My latest Mind and Matter column in the Wall
Street Journal is about trying to evolve, rather than ordain,
solution to obesity
Sometimes we find it easy to identify a problem and
impossible to think of a solution. Obesity is a good example.
Almost everybody agrees that it is a growing burden on health
systems and that it requires urgent attention from policy makers.
But almost everybody also agrees that no policy for reducing
obesity is working.
Some 32% of adult American men and 35% of women are clinically
obese. The proportion hasn't swelled in recent years, but it hasn't
shrunk either, a study of 2008 data suggests. School posters,
virally marketed videos, healthy-eating classes, mandatory swimming
lessons, minimum school-recess times, celebrity chefs in charge of
school-meal recipes, bicycle lanes, junk-food ad bans,
calorie-content labels, hectoring physicians, birthday-cake bans,
monetary rewards for weight loss-they've all been tried, and
they've all largely failed.
Maybe we need to stop trying to devise top-down answers and
instead encourage bottom-up ones to evolve through individual
choice. Or so argue two Canadian academics, Neil Seeman and Patrick
Luciani, in a new book called "XXL: Obesity and the Limits of
Shame." After all, as Friedrich Hayek pointed out, the true genius
of markets is that they discover things.
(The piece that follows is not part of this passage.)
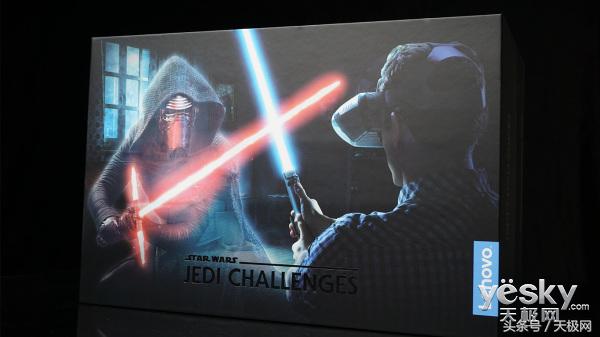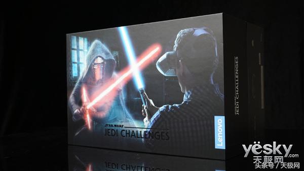 联想Mirage的外包装就很有归属感,购买过星战周边的童鞋一定不会陌生!大气包装盒正面印有“Star Wars JEDI Challenges”字样,搭配凯洛伦与玩家用光剑对战的画面看上去就让人有种跃跃欲试的感觉。

Perhaps the answer to
obesity is to spend money not on the producers (of gyms, diets,
surgery, vegetables) but on the consumers.
Drawing a direct analogy with the effect of vouchers in the
education system, Messrs. Seeman and Luciani suggest
"healthy-living vouchers" that could be redeemed from different
(certified) places-gyms, diet classes, vegetable sellers and more.
Education vouchers, they point out, are generally disliked by rich
whites as being bad for poor blacks-and generally liked by poor
blacks. A bottom-up solution empowers people better than top-down
government fiat.
So instead of spending large sums on ads to shame us into better
eating habits, spend the money on vouchers handed out to the
overweight and let them find whatever provider of goods or services
best meets their particular dieting needs. After all, the root
causes of obesity are multifarious and new ones are being added all
the time-such as diet sodas, gut bacteria, genes, sleep apnea,
leptin levels, medication, depression, poverty and peer pressure.
So the solutions need to be multipronged, too. What works for you
may not work for me.
Messrs. Seeman and Luciani's suggestions will annoy both the
left and the right. Market forces are anathema to the top-down
thinking of many on the left, and handing money to the
"undeserving" is anathema to many on the right. But the very fact
that their idea defies conventional wisdom suggests that it is a
good one.
As an evangelist for rational optimism, I am sometimes accused
of overlooking the things that are getting worse, and obesity, I
acknowledge, is one such dismal trend. So is traffic congestion-and
they are both the products of plenty.
But they are exceptions that neatly prove my rule. In a recent
television discussion about world hunger, we found ourselves
talking about obesity, and I reflected on what a remarkable human
achievement it is to have nearly seven billion people on the planet
and more of them overweight than malnourished.
In due course, the obesity problem will be solved, I suspect.
The ultra-rich have already solved it. Most of them are very thin
these days, quite unlike in ancient times. That's because they can
afford the solutions that work for them, from low-carb diets to
personal trainers.
If economic growth continues to spread, as it has over the past
two centuries, most people will be ultra-rich by today's standards
within two generations, and slim figures will also spread. Still,
it would be nice to find a way for people to lose weight without
having to wait for them to get rich first.